The product Salerno received was tomatoes, and most of the tomatoes that are “produced in Xinjiang and exported to the world by the PRC come from slave labor….”
This shipment did not arrive without any objection being made in Italy itself, though not by the Italian government; by an organization representing Italian agriculture, the Confederazione Nazionale Coltivatori Diretti (Coldiretti), which “staged a huge vocal though pacific protest against the Xinjiang cargo.”
Xinjiang tomatoes are invading the Italian market. Tomato sauce and other products derived from Xinjiang tomatoes, the fruits of the brutal exploitation of human beings, enrich Chinese state-owned companies thanks to those unscrupulous Italian (and non-Italian) companies that affix a “made in Italy” label to something that is manufactured in Italy but with raw material coming from China. And of course Xinjiang tomatoes cost less, Coldiretti adds, because they come mostly from slave labor….
Would Coldiretti have protested if the imported tomatoes were merely cheaper than Italian tomatoes but not the product of slave labor? Maybe, given how common is the protectionist impulse.
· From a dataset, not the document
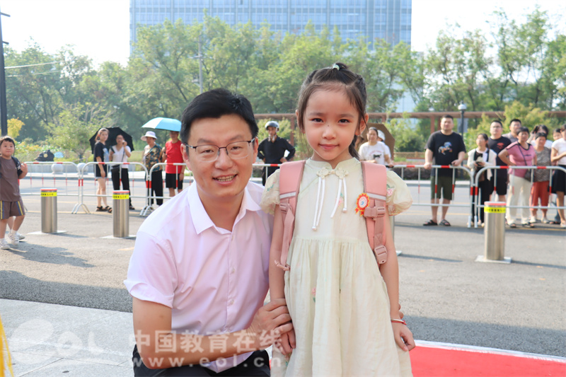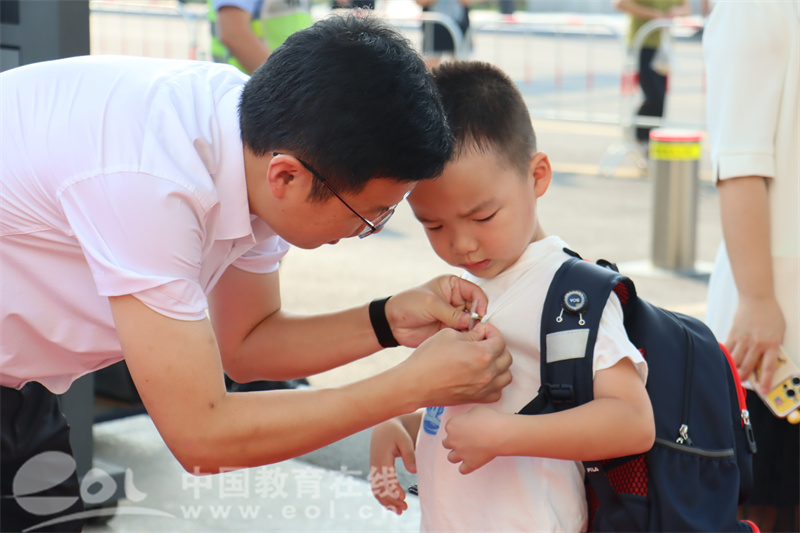 校门口,一条鲜艳的红地毯一路展开,孟校长带领学校其他领导、老师热情地为一年级的小萌娃们佩戴上写有“求是阳光学子”的小红花胸章,以满满的仪式感欢迎这些孩子们加入温暖的求是富春九小大家庭。一旁的铁网架上,五彩缤纷的小夹子夹着的是学校为同学们精心定制的奥运主题种子卡,这些种子蕴藏着大大的惊喜,静静等待着同学们播种,开启一段充满希望的成长新旅程。
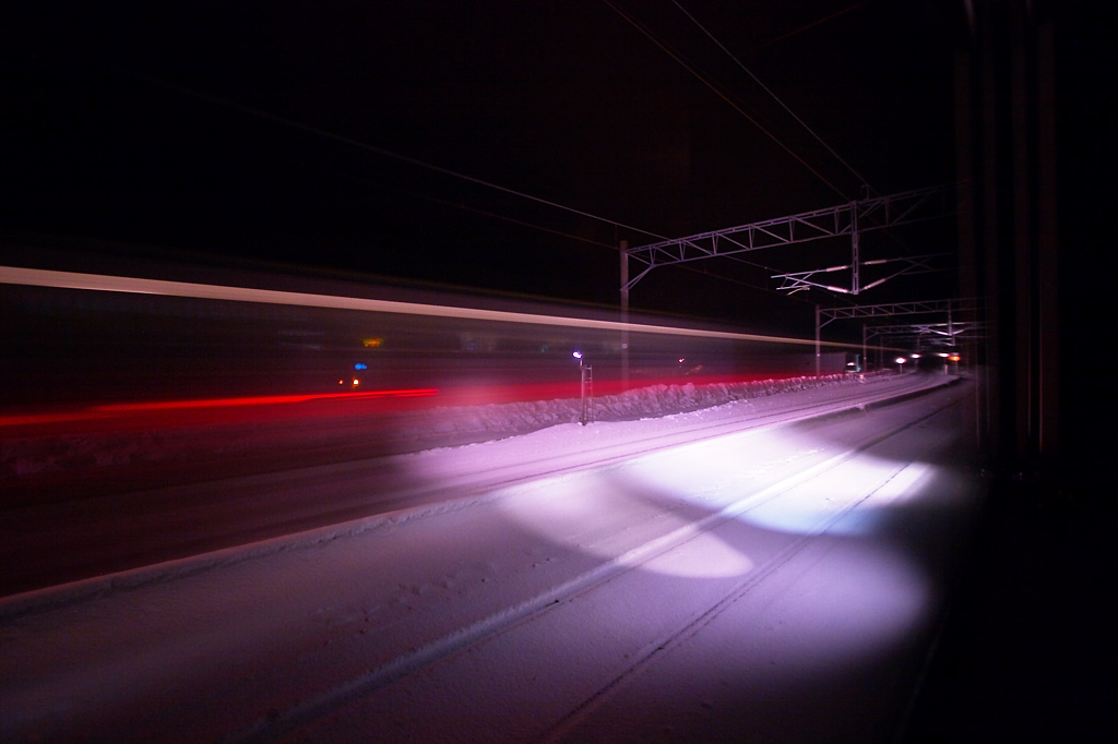 乗客が寝静まった頃、密かにすれ違う夜行列車同士。

Colodiretti and many Italian farmers also object to agrifood products coming from other European countries.
But regardless of the motive or mixture of motives, the fact is that Coldiretti is objecting to the import of goods that are the product of slave labor and on those grounds. Bitter Winter notes that this slave labor is inflicted by the Chinese state “as part of its persecution of the Uyghurs and other Turkic people,” a persecution animated by hatred of “their culture, identity, and religion (mostly Islam).”
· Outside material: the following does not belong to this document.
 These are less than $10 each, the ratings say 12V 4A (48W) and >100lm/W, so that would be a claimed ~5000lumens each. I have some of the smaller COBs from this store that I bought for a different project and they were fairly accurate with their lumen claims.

Trasporto europa reports: “According to Coldiretti, ‘last year, Italy imported 85 million kilos of processed Chinese tomatoes, mostly from Xinjiang, despite the United States banning its importation since January 2021 to prevent supporting forced labor.’ In Salerno, the ship was similarly approached by the association’s boats.”
Meanwhile, the Italian government, though it “left the PRC’s tentacular Belt and Road Initiative in December 2023,” has yet to act against these slave-made imports. But perhaps it will allow itself to be prodded by the protests and reporting into enacting a ban.